DATA SEGMENT:
-- Opening Marker --

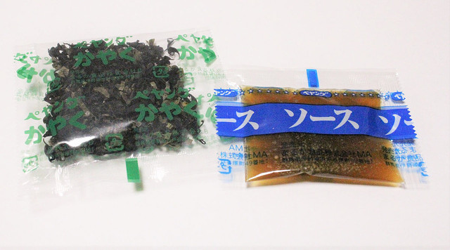 ふたを開けて、かやくとソースからチェックしていきましょう。海藻たっぷりのかやくは、濃い緑一色で「海藻MAX」を謳うのも納得です。
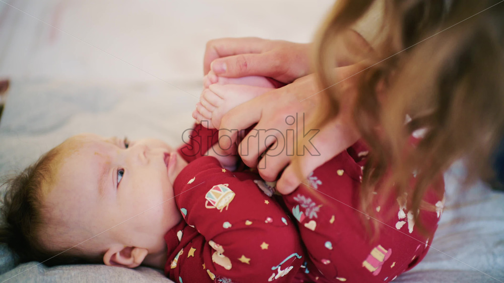 Side view of a newborn baby lying calmly on a soft bed wearing patterned pajamas with the mom tickling and playing with her
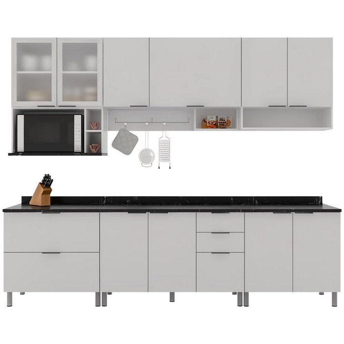 Cozinha Completa Bartira Rubi 5 Gavetas 10 Portas 7 Prateleiras Branco com Preto
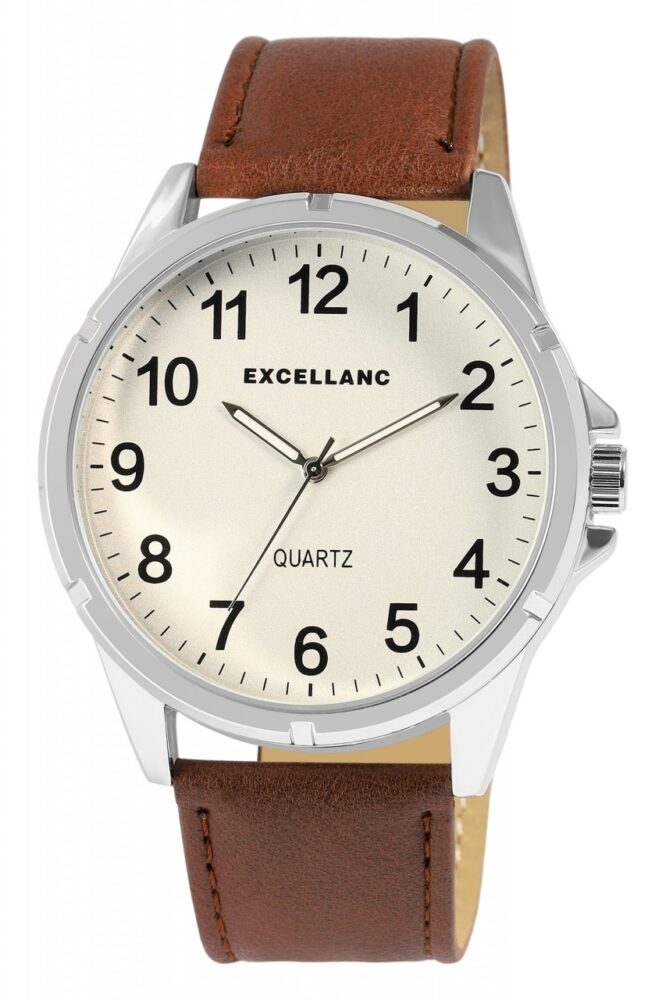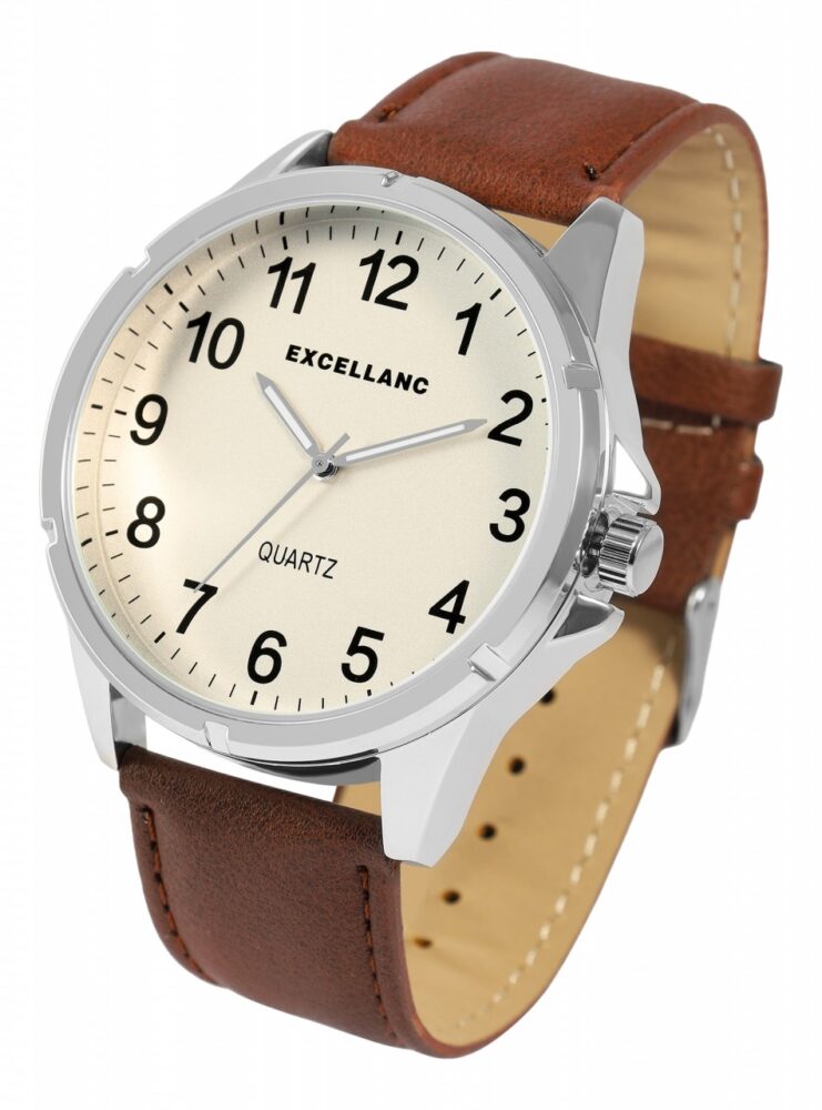 Este relógio masculino da marca Excellanc pode ser usado em qualquer ocasião, seja lazer, negócios ou celebração. O comprimento total do relógio é de 26 cm. A caixa de metal com fundo em aço inoxidável tem um diâmetro de 47 mm. A pulseira feita de pele sintética de alta qualidade com largura de 24 mm no batente é confortável de usar. A prática fivela de pino garante fácil manuseio e uma fixação segura. Este relógio com mostrador transparente com índice de linhas e algarismos arábicos está disponível em diferentes combinações de cores, por isso temos o relógio certo para todos.

-- Closing Marker --

WORK REQUEST:
Although the material contains pictures, only the lines are to be written out, exactly as they stand.

YOUR RESPONSE:
 ふたを開けて、かやくとソースからチェックしていきましょう。海藻たっぷりのかやくは、濃い緑一色で「海藻MAX」を謳うのも納得です。
 Side view of a newborn baby lying calmly on a soft bed wearing patterned pajamas with the mom tickling and playing with her
 Cozinha Completa Bartira Rubi 5 Gavetas 10 Portas 7 Prateleiras Branco com Preto
 Este relógio masculino da marca Excellanc pode ser usado em qualquer ocasião, seja lazer, negócios ou celebração. O comprimento total do relógio é de 26 cm. A caixa de metal com fundo em aço inoxidável tem um diâmetro de 47 mm. A pulseira feita de pele sintética de alta qualidade com largura de 24 mm no batente é confortável de usar. A prática fivela de pino garante fácil manuseio e uma fixação segura. Este relógio com mostrador transparente com índice de linhas e algarismos arábicos está disponível em diferentes combinações de cores, por isso temos o relógio certo para todos.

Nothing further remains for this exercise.